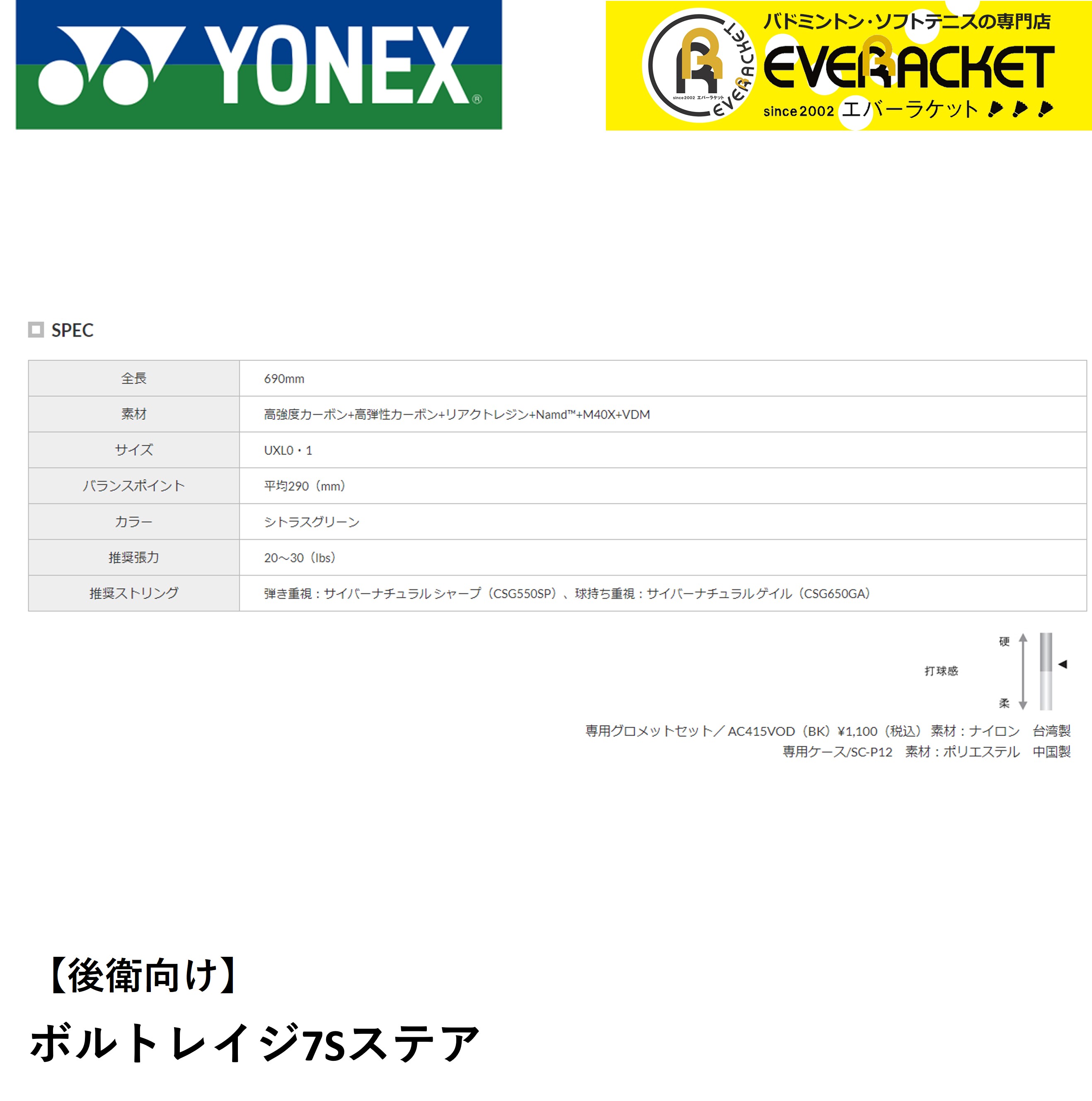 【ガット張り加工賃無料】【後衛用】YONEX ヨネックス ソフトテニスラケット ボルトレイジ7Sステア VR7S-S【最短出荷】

_____

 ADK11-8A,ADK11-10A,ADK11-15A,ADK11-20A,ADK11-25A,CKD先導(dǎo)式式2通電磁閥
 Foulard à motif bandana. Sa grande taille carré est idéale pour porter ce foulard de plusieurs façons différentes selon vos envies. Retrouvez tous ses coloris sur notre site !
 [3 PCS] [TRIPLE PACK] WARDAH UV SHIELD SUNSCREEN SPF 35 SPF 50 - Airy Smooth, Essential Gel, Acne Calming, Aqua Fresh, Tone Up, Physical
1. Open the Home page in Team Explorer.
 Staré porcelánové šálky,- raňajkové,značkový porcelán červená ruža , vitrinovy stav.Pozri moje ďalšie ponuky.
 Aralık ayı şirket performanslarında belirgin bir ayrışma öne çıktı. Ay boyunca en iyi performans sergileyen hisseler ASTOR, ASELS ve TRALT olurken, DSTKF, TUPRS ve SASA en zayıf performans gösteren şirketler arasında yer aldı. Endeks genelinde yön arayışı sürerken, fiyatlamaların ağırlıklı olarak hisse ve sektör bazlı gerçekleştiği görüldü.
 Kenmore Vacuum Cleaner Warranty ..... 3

_____

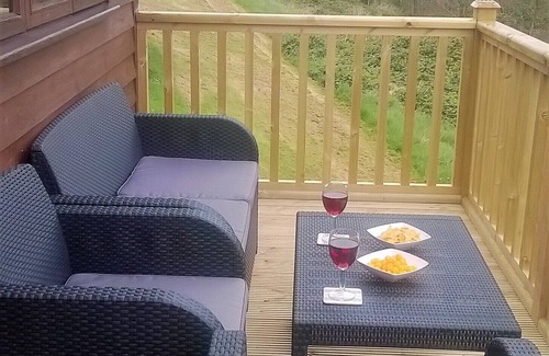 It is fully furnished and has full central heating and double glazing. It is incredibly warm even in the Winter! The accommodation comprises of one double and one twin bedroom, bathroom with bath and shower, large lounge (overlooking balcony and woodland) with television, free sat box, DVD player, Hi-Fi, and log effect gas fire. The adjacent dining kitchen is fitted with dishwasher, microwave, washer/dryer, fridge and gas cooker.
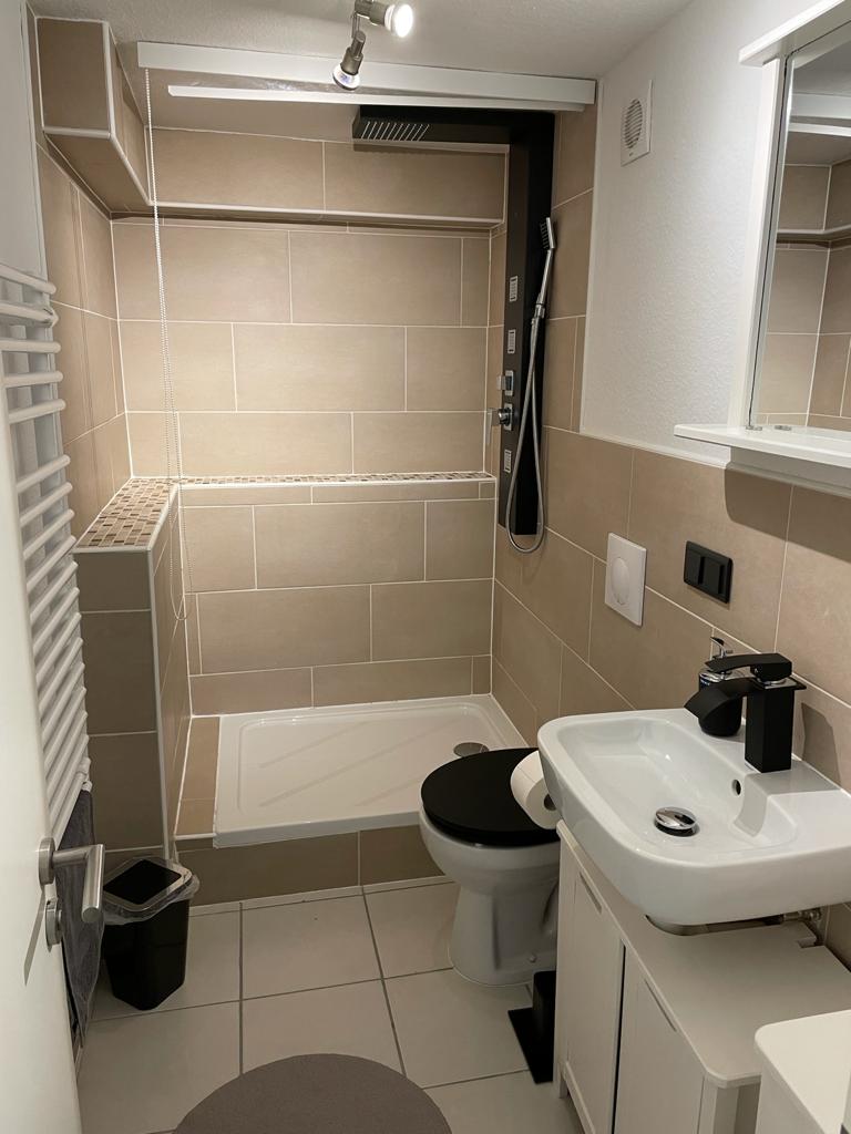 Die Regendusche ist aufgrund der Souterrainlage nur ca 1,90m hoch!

_____

* _Try it_
Set down, exactly as they stand above, the lines starting with the line with "Aralık ayı şirket" and going on through the line with "Kenmore Vacuum Cleaner Warranty ..... 3", and no others.

* _Answer section_
 Aralık ayı şirket performanslarında belirgin bir ayrışma öne çıktı. Ay boyunca en iyi performans sergileyen hisseler ASTOR, ASELS ve TRALT olurken, DSTKF, TUPRS ve SASA en zayıf performans gösteren şirketler arasında yer aldı. Endeks genelinde yön arayışı sürerken, fiyatlamaların ağırlıklı olarak hisse ve sektör bazlı gerçekleştiği görüldü.
 Kenmore Vacuum Cleaner Warranty ..... 3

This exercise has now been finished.